> STORED DATA
▼

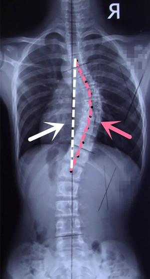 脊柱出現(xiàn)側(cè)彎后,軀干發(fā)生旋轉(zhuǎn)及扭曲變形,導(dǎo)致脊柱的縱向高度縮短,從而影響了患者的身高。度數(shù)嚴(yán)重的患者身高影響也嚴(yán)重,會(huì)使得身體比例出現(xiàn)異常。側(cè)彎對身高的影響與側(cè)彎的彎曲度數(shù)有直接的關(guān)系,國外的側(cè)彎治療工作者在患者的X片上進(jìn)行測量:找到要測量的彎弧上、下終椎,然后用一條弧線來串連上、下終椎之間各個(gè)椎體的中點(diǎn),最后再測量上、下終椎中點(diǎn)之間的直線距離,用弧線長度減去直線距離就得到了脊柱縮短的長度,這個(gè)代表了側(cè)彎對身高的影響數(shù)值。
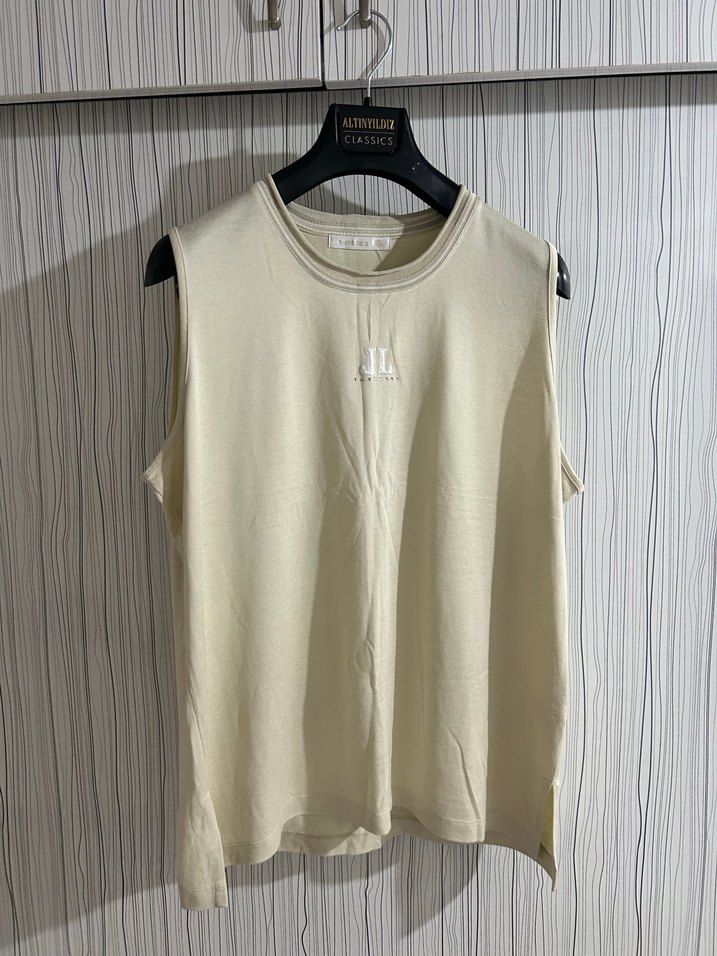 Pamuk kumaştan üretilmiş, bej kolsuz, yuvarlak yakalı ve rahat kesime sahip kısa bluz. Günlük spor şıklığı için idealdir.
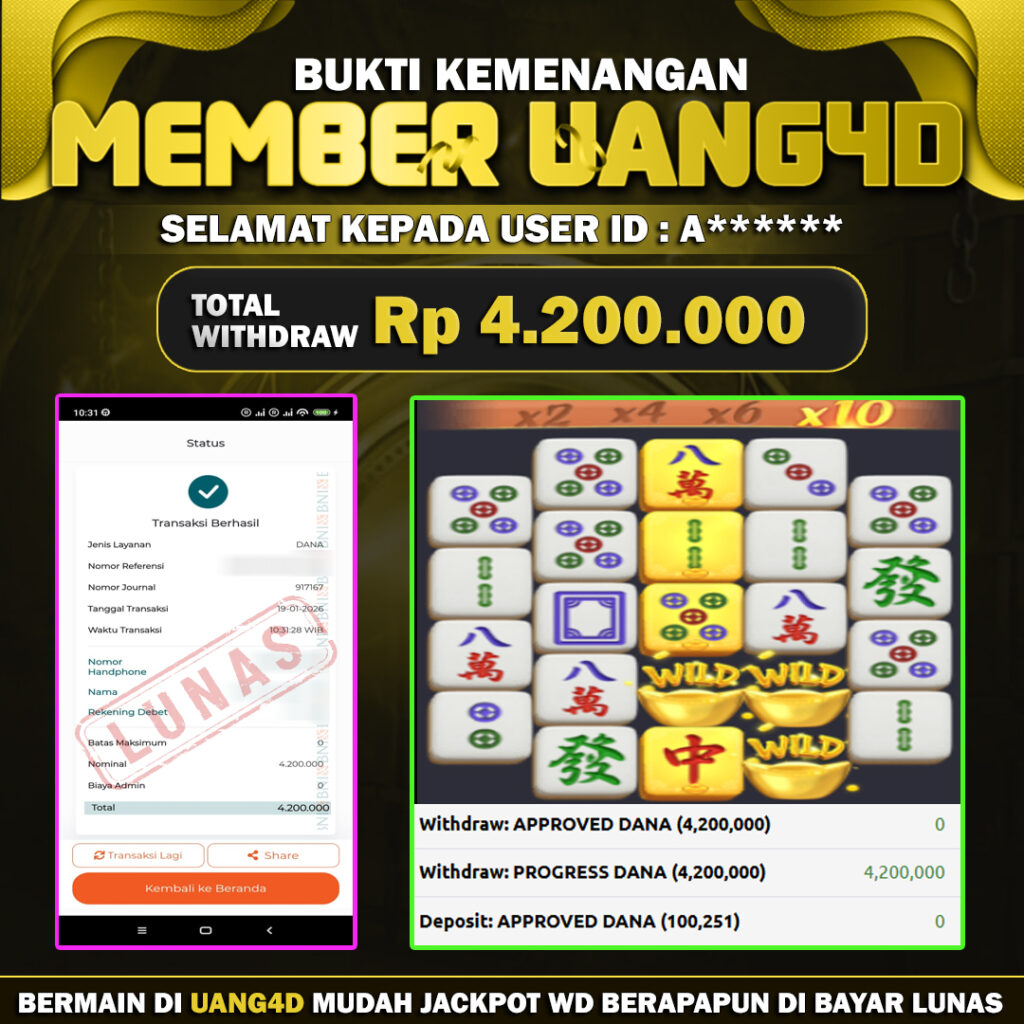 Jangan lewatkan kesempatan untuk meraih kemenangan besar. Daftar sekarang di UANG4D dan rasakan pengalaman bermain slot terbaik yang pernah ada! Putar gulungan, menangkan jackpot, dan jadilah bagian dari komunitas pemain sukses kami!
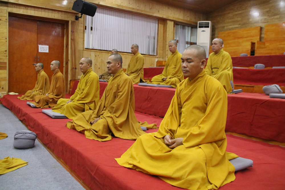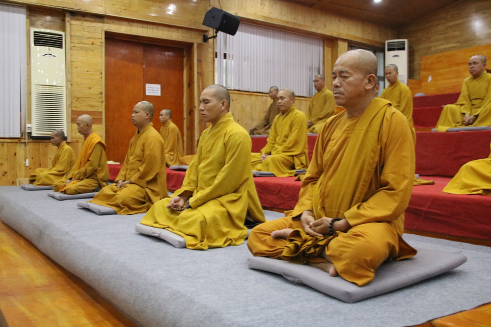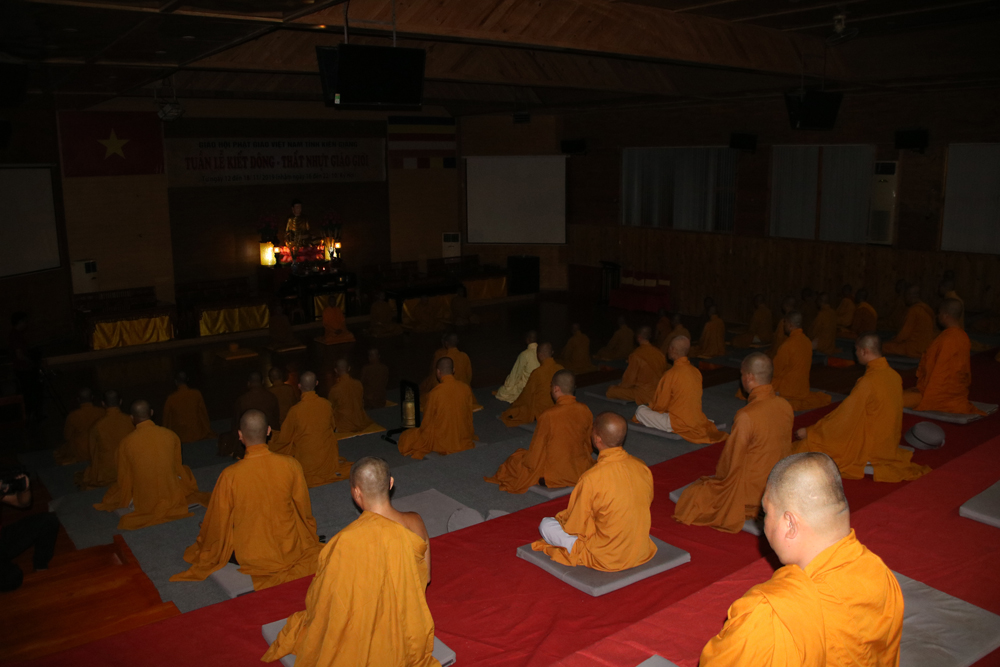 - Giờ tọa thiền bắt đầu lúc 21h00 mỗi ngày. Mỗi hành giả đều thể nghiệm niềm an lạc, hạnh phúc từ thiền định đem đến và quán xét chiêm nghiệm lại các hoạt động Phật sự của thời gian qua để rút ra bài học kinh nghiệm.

▲

> WHAT THE TASK ASKS
Extract the lines exactly, please: the first line of the listing, the line with "Pamuk kumaştan üretilmiş, bej", and every line between them, but no pictures.

> OUTPUT OF THE EXERCISE
 脊柱出現(xiàn)側(cè)彎后,軀干發(fā)生旋轉(zhuǎn)及扭曲變形,導(dǎo)致脊柱的縱向高度縮短,從而影響了患者的身高。度數(shù)嚴(yán)重的患者身高影響也嚴(yán)重,會(huì)使得身體比例出現(xiàn)異常。側(cè)彎對身高的影響與側(cè)彎的彎曲度數(shù)有直接的關(guān)系,國外的側(cè)彎治療工作者在患者的X片上進(jìn)行測量:找到要測量的彎弧上、下終椎,然后用一條弧線來串連上、下終椎之間各個(gè)椎體的中點(diǎn),最后再測量上、下終椎中點(diǎn)之間的直線距離,用弧線長度減去直線距離就得到了脊柱縮短的長度,這個(gè)代表了側(cè)彎對身高的影響數(shù)值。
 Pamuk kumaştan üretilmiş, bej kolsuz, yuvarlak yakalı ve rahat kesime sahip kısa bluz. Günlük spor şıklığı için idealdir.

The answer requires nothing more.